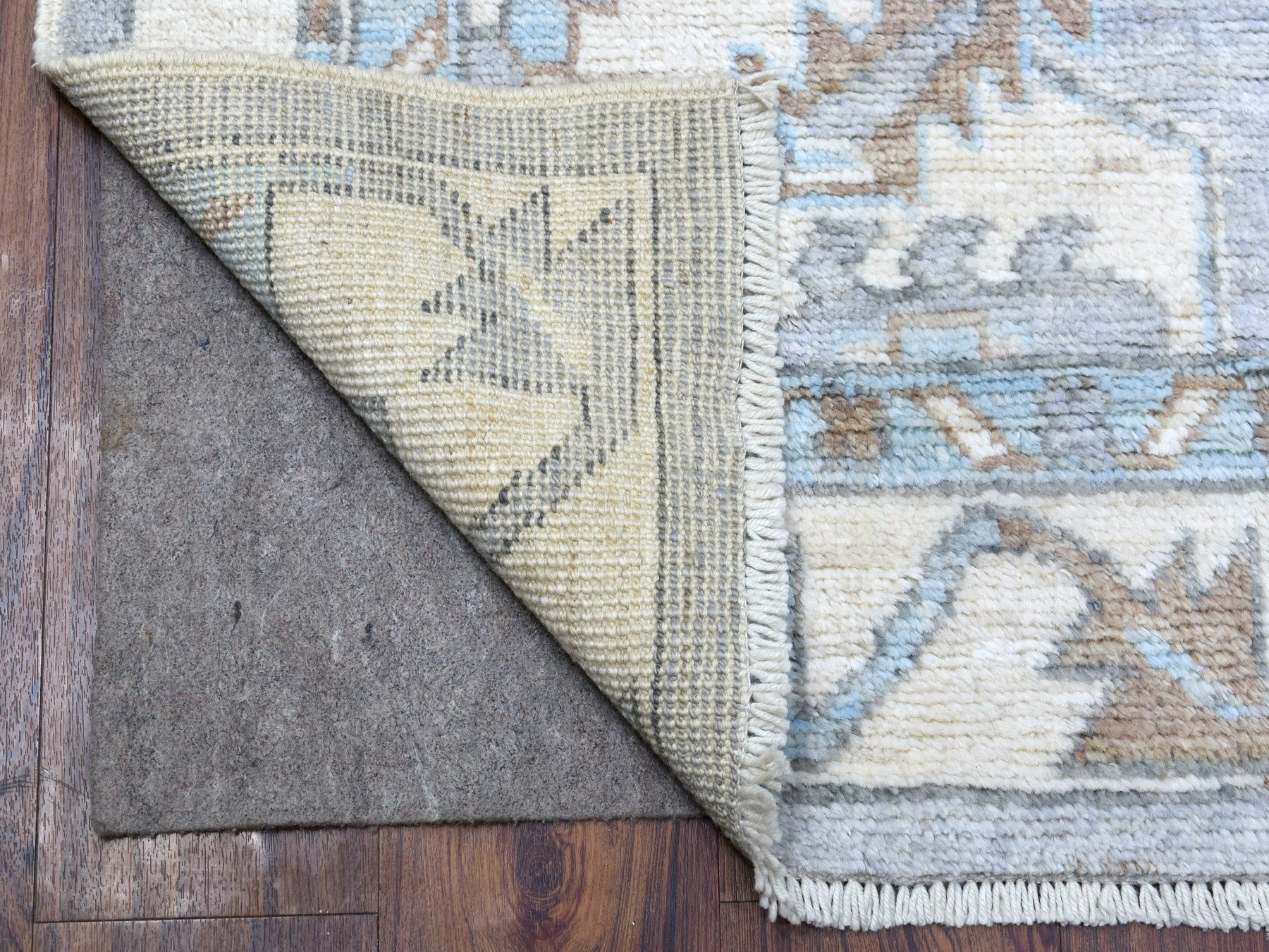 3'10" x 12'1" New Hand Knotted Grey Wool Runner Oriental Rug - MOA10267916
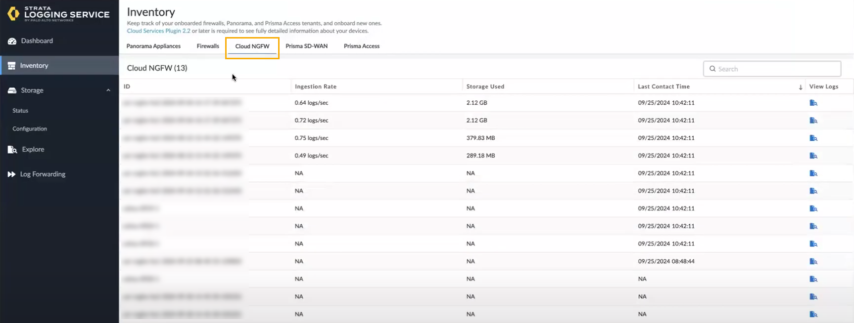 Cloud NGFW supports Strata Logging Service (formerly Cortex Data Lake), a cloud-based logging system that stores context-rich enhanced network logs generated by our security products, including our NGFWs, Prisma Access, and Cloud NGFW for AWS. With Strata Logging Service, you can collect ever-expanding volumes of data without needing to plan for local compute and storage, and it's ready to scale from the start. Learn how to activate and deploy Strata Logging Service in your product.In addition to using the Strata Logging Service, you can also use the Strata Cloud Manager Incidents and Alerts log viewer.- Launch the Strata Logging Service from the SCM console; log in to the SCM app from the Palo Alto Networks hub. In the lower left portion of the SCM interface, select the Tenant icon.Select Strata Logging Service.In the Strata Logging Service Dashboard, click Inventory. Your Cloud NGFW resource should appear.Select the Cloud NGFW tab:
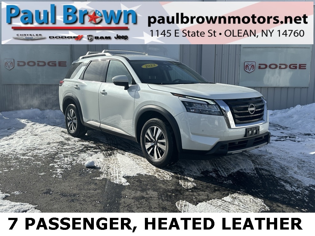 Priced below KBB Fair Purchase Price! CARFAX One-Owner. Clean CARFAX. 2023 Nissan Pathfinder SL 4D Sport Utility Pearl White Tricoat V6 4WD 9-Speed Automatic 18" Machined Alloy Wheels, Emergency communication system: NissanConnect Services, Exterior Parking Camera Rear, Front dual zone A/C, Fully automatic headlights, Garage door transmitter: HomeLink, Heated front seats, Heated steering wheel, Leather Seating Surfaces, Low tire pressure warning, Navigation system: NissanConnect Navigation, Power door mirrors, Power driver seat, Power Liftgate, Power passenger seat, Rear air conditioning, Rear window defroster. Final Price may require vehicle trade in and Paul Brown trade assistance, see website for details. For a hassle free purchase experience, reach out to the Sales team at Paul Brown Motors at (585-376-5057). Conveniently located on E State Street, Olean NY 14760. We are worth the trip! Travel from over 75 miles away and don't purchase we will supply you with $25 gas card! Paul Brown Chevy, A Dealer For the People! Our For The People Pricing means ZERO price increases at Paul Brown.

-=-=-

EXERCISE INSTRUCTIONS: Leaving out only the pictures, reproduce the listing exactly.

WRITTEN RESPONSE:
 3'10" x 12'1" New Hand Knotted Grey Wool Runner Oriental Rug - MOA10267916
 Cloud NGFW supports Strata Logging Service (formerly Cortex Data Lake), a cloud-based logging system that stores context-rich enhanced network logs generated by our security products, including our NGFWs, Prisma Access, and Cloud NGFW for AWS. With Strata Logging Service, you can collect ever-expanding volumes of data without needing to plan for local compute and storage, and it's ready to scale from the start. Learn how to activate and deploy Strata Logging Service in your product.In addition to using the Strata Logging Service, you can also use the Strata Cloud Manager Incidents and Alerts log viewer.- Launch the Strata Logging Service from the SCM console; log in to the SCM app from the Palo Alto Networks hub. In the lower left portion of the SCM interface, select the Tenant icon.Select Strata Logging Service.In the Strata Logging Service Dashboard, click Inventory. Your Cloud NGFW resource should appear.Select the Cloud NGFW tab:
 Priced below KBB Fair Purchase Price! CARFAX One-Owner. Clean CARFAX. 2023 Nissan Pathfinder SL 4D Sport Utility Pearl White Tricoat V6 4WD 9-Speed Automatic 18" Machined Alloy Wheels, Emergency communication system: NissanConnect Services, Exterior Parking Camera Rear, Front dual zone A/C, Fully automatic headlights, Garage door transmitter: HomeLink, Heated front seats, Heated steering wheel, Leather Seating Surfaces, Low tire pressure warning, Navigation system: NissanConnect Navigation, Power door mirrors, Power driver seat, Power Liftgate, Power passenger seat, Rear air conditioning, Rear window defroster. Final Price may require vehicle trade in and Paul Brown trade assistance, see website for details. For a hassle free purchase experience, reach out to the Sales team at Paul Brown Motors at (585-376-5057). Conveniently located on E State Street, Olean NY 14760. We are worth the trip! Travel from over 75 miles away and don't purchase we will supply you with $25 gas card! Paul Brown Chevy, A Dealer For the People! Our For The People Pricing means ZERO price increases at Paul Brown.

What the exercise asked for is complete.